Start of Stored data

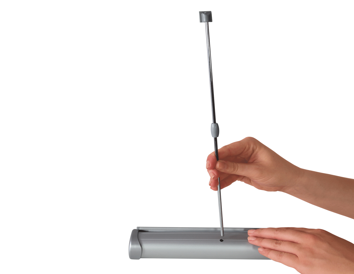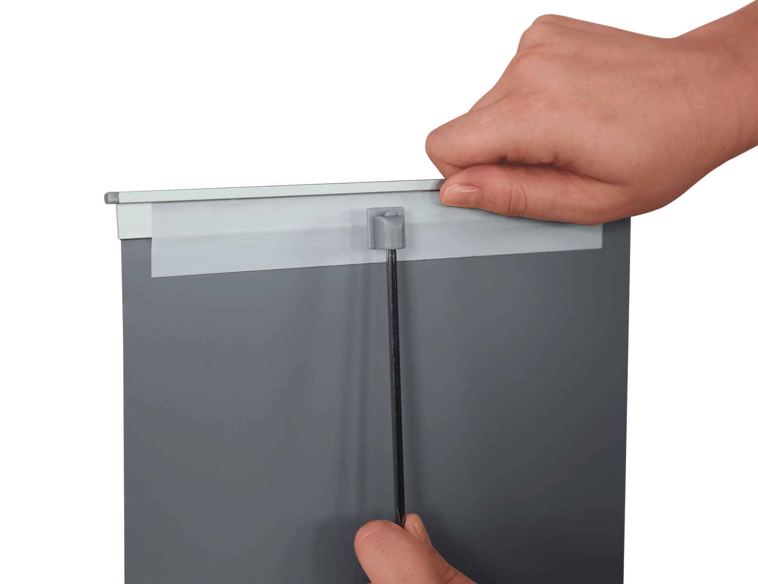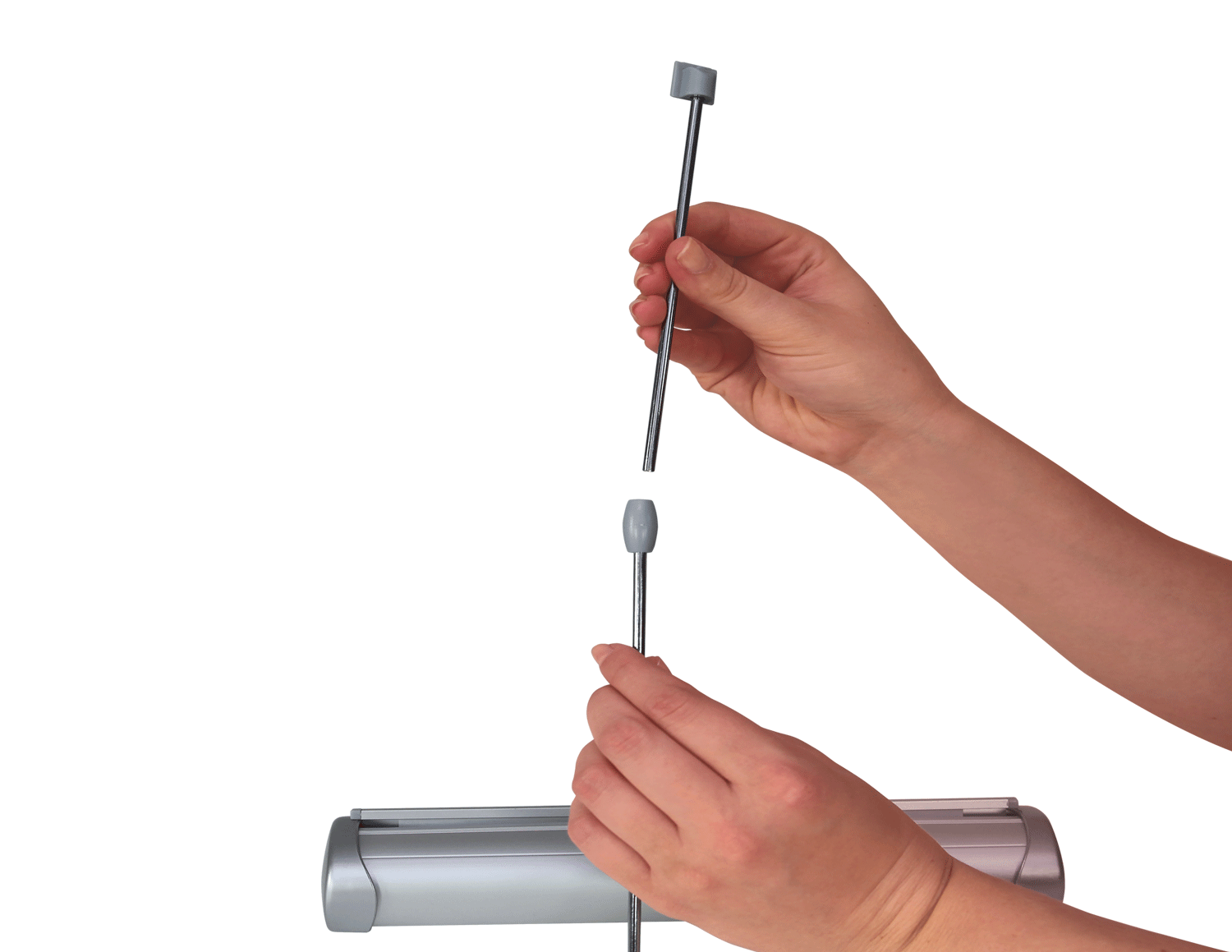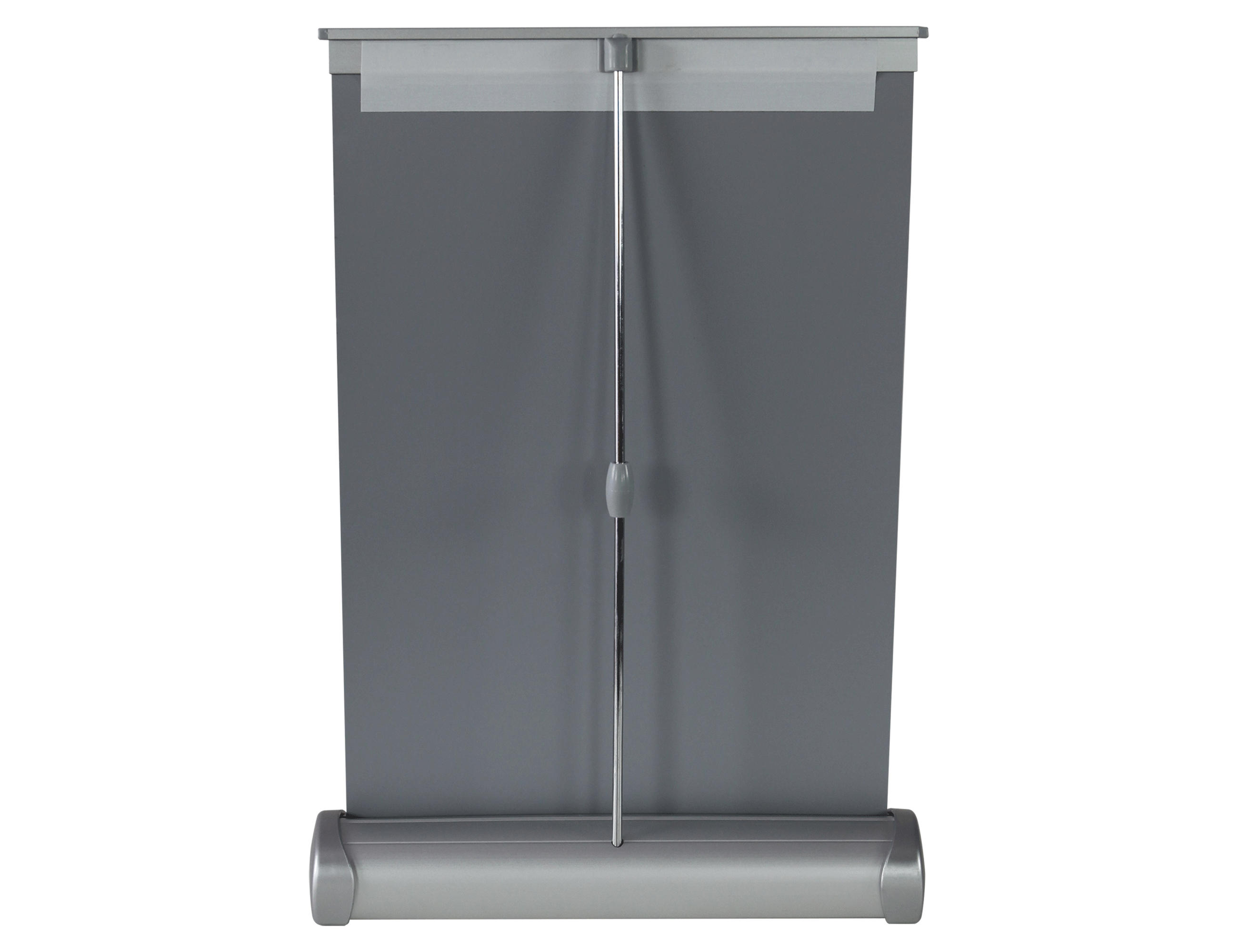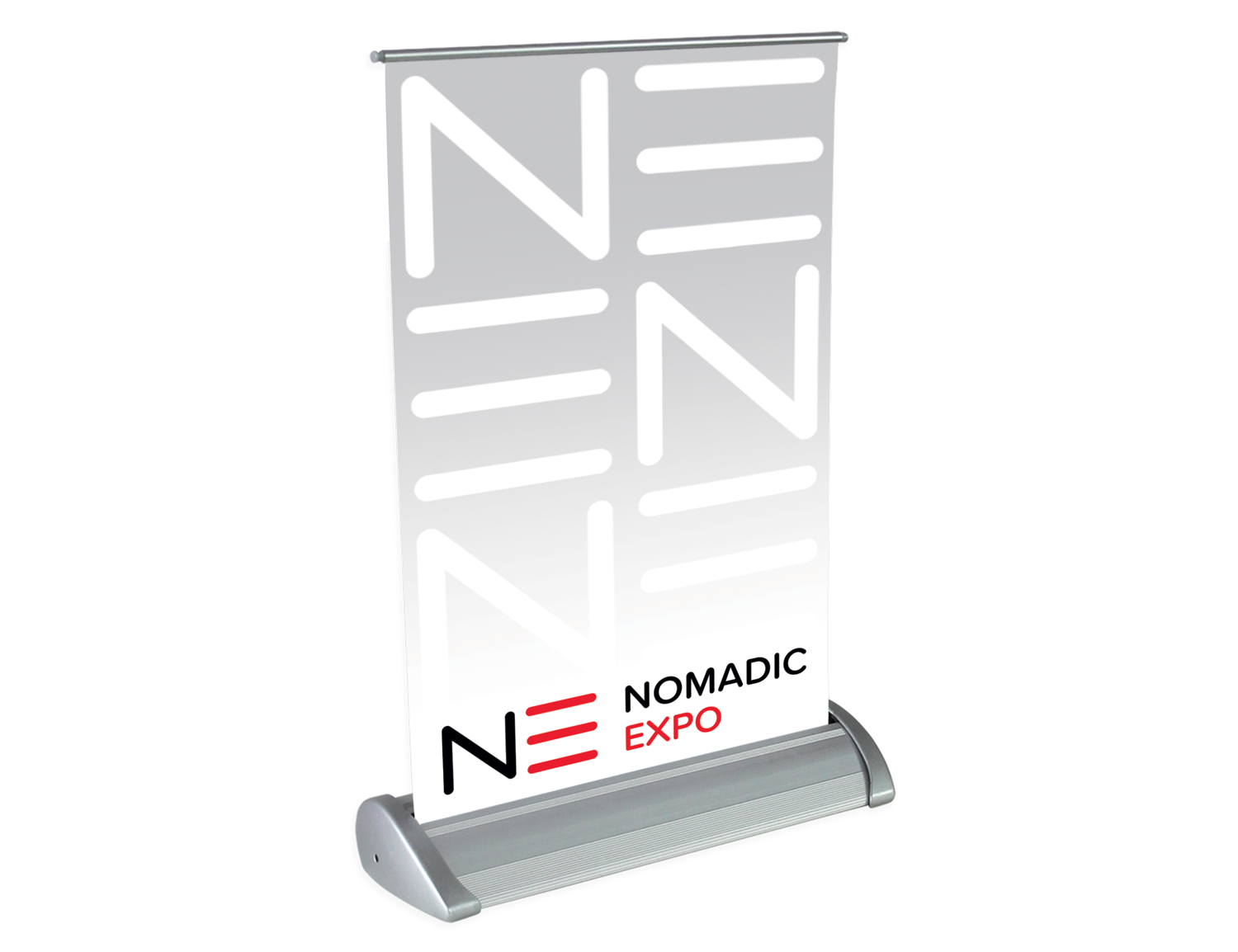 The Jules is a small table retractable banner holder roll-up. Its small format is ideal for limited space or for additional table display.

End of Stored data
Start of Stored data

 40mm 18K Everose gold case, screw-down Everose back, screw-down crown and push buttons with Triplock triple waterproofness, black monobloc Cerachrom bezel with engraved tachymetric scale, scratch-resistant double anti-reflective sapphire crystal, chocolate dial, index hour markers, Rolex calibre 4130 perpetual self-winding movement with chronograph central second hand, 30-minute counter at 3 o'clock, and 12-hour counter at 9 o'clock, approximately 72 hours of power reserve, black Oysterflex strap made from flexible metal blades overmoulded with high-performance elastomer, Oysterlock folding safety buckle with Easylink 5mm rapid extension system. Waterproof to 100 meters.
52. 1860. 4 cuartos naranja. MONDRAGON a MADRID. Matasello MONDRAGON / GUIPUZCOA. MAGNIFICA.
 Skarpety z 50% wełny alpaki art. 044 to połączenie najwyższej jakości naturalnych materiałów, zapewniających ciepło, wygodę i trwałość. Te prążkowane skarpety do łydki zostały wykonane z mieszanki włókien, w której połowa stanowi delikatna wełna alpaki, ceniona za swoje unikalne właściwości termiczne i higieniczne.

End of Stored data

Task requirements
Exact duplication is required for the lines above, from the line that contains "52. 1860. 4" to the line that contains "Skarpety z 50%", inclusive; omit all others.

Answer to the problem
52. 1860. 4 cuartos naranja. MONDRAGON a MADRID. Matasello MONDRAGON / GUIPUZCOA. MAGNIFICA.
 Skarpety z 50% wełny alpaki art. 044 to połączenie najwyższej jakości naturalnych materiałów, zapewniających ciepło, wygodę i trwałość. Te prążkowane skarpety do łydki zostały wykonane z mieszanki włókien, w której połowa stanowi delikatna wełna alpaki, ceniona za swoje unikalne właściwości termiczne i higieniczne.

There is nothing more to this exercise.